The Charger Job
Chapter 1: The Chrome Sermon
Newark, New Jersey – July 12, 1977
The warehouse smelled like burnt ozone, patchouli oil, and the ghost of yesterday’s weed. Outside, the city was sweating under a heatwave, but inside, the only thing hotter than the summer night was the plan they were about to bet their souls on.
Big D’Angelo “Dagger” Monroe stood under a single hanging bulb, wearing a burgundy velvet suit so sharp it could cut glass. The shirt underneath was open to the navel, revealing a gold medallion the size of a hubcap and a chest that still carried shrapnel scars from ‘Nam. He tapped a silver-tipped cane against the concrete floor as he laid it all out.
“Gentlemen. Lady. We ain’t just stealin’ money,” he said, voice smooth as 8-track silk. “We robbin’ history.”
In front of him sat the crew.
Rico “The Ghost” Moretti leaned against a workbench, chewing a toothpick, his white three-piece suit glowing under the lights like he’d stepped out of a Coppola fever dream. He was the wheelman. Best pure driver on the East Coast, even before the Float tech dropped.
Next to him was Dr. Evelyn “Nova” Clarke, the only person in the room who actually understood how any of this new devilry worked. She wore a tight orange turtleneck and bell-bottoms that flared like solar sails, her afro a perfect halo around sharp, skeptical eyes. A bulky chrome Flick-bracelet glinted on her wrist.
Rounding out the crew was Big Tone, six-foot-five of muscle wrapped in a black leather duster, and Sapphire, the velvet-voiced honey trap who could make a mark forget his own name while she lifted the keys to his soul.

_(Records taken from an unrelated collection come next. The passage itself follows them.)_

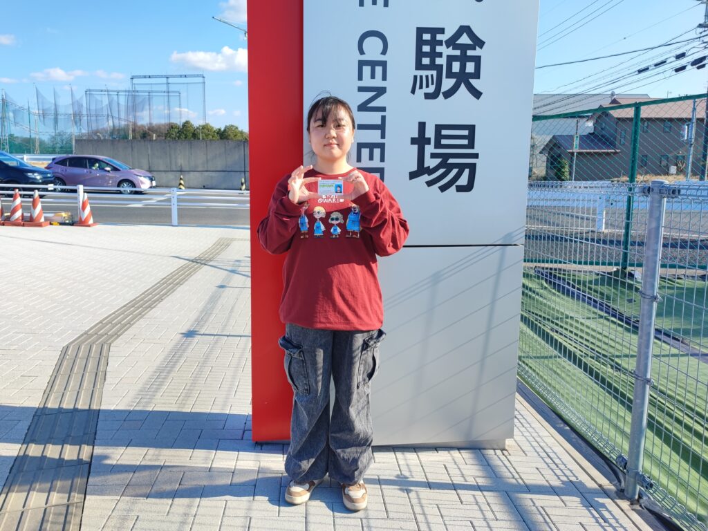 平針試験場での直接受験を通して、技能試験コース研究の重要性を強く実感しました。本番は緊張しますが、繰り返し平針試験場のコースを歩いたり、何度も路上試験コースの動画を見たことで、落ち着いて本番の技能試験に臨むことができました。せいりん自動車学校は、自ら取り組むべき課題が多く大変な面もありますが、その分、自分で判断し安全に運転する能力を身につけることができると感じました。
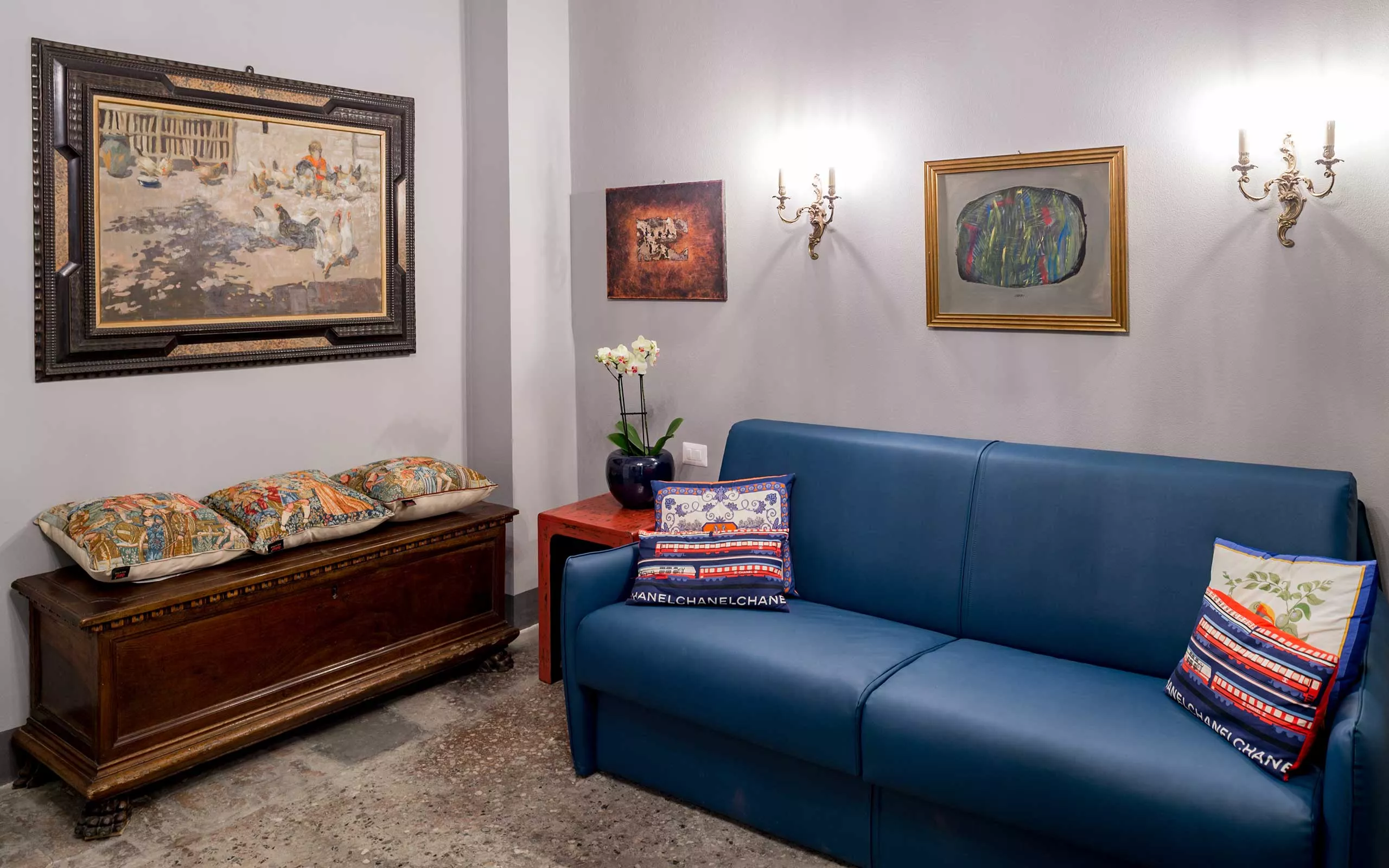 On the walls you can still see the soft colors of ancient paintings. Alongside design furnishings, you can find the déco bed, golden stools and antique chandeliers.
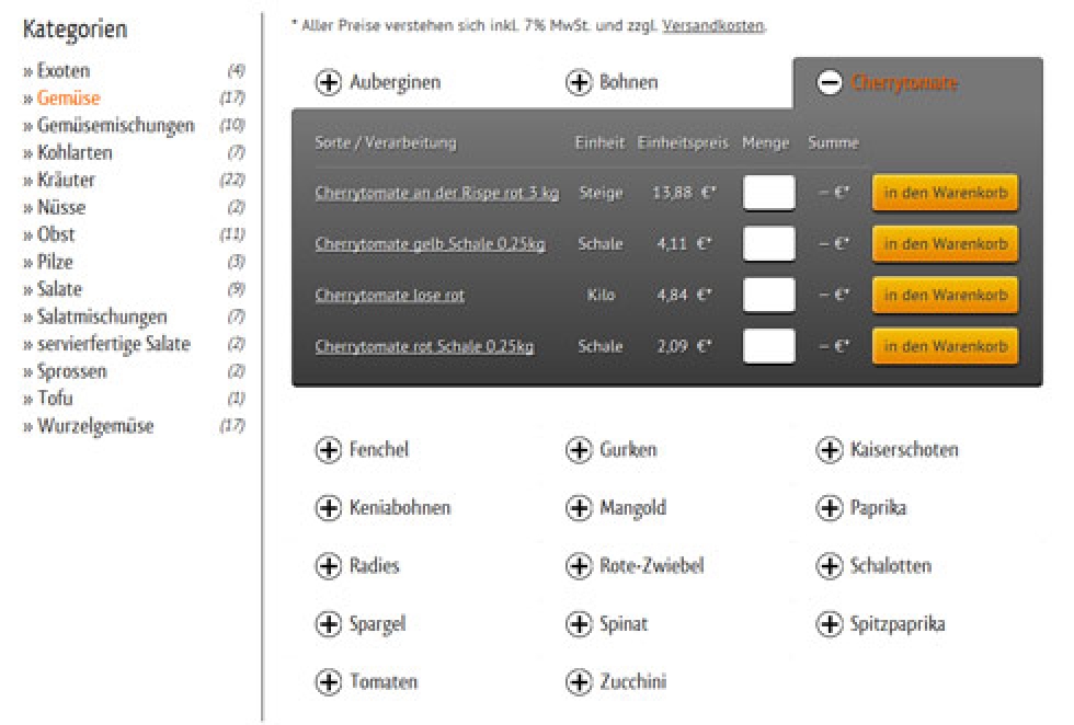 Das Design der beiden Shops ist stark angelehnt an das Design der bereits bestehenden Unternehmens-Seite. Die Grün-Orange Farbgebung wirkt frisch und appetitanregend. Moderne Designelemente wie abgerundete Ecken, Farbverläufe und Schatten wurden mit Hilfe moderner Webtechnologien direkt in HTML und CSS umgesetzt. Dadurch konnten zum einen die Ladezeit und das übertragene Datenvolumen optimiert werden, zum anderen wurde der Pflegeaufwand reduziert, da bei Änderungen und Ergänzungen nun keine Grafiken mehr erstellt, hochgeladen und separat eingebunden werden müssen. Die eingebundenen Webfonts funktionieren browser- und plattformübergreifend, bieten große typografische Freiheit und verleihen dem Design zusätzlich Klasse und einen frischen, modernen Look.
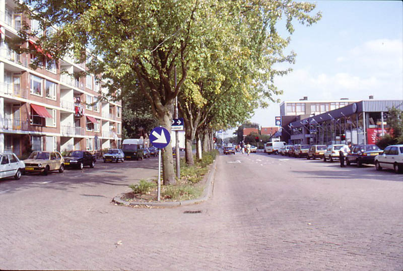 Kerkbuurt t.o. het Merwedeplein met o.a. boekwinkel De Waard
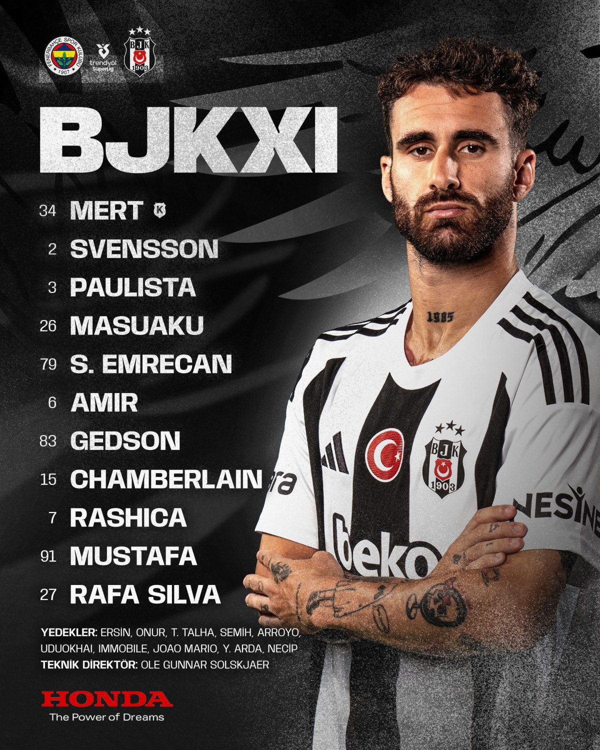 Beşiktaş: Mert Günok, Svensson, Paulista, Masuaku, Emrecan Terzi, Hadziahmetovic, Gedson Fernandes, Oxlade-Chamberlain, Rashica, Mustafa Hekimoğlu, Rafa Silva

Dagger pointed at the star of the show.
The ‘69 Dodge Charger R/T, sitting on reinforced anti-grav skids instead of tires. Its original muscle-car body had been kept pure — long hood, coke-bottle curves, that glorious rear end — but the boys in the back had gone full mad scientist. The paint was a deep, shimmering “Midnight Cherry” that shifted to electric purple under certain lights. Massive chrome hover skirts hugged the wheels wells, etched with faint racing stripes. Dual “Void Thrusters” poked out the back like chrome rocket nozzles borrowed from a lowrider’s wet dream.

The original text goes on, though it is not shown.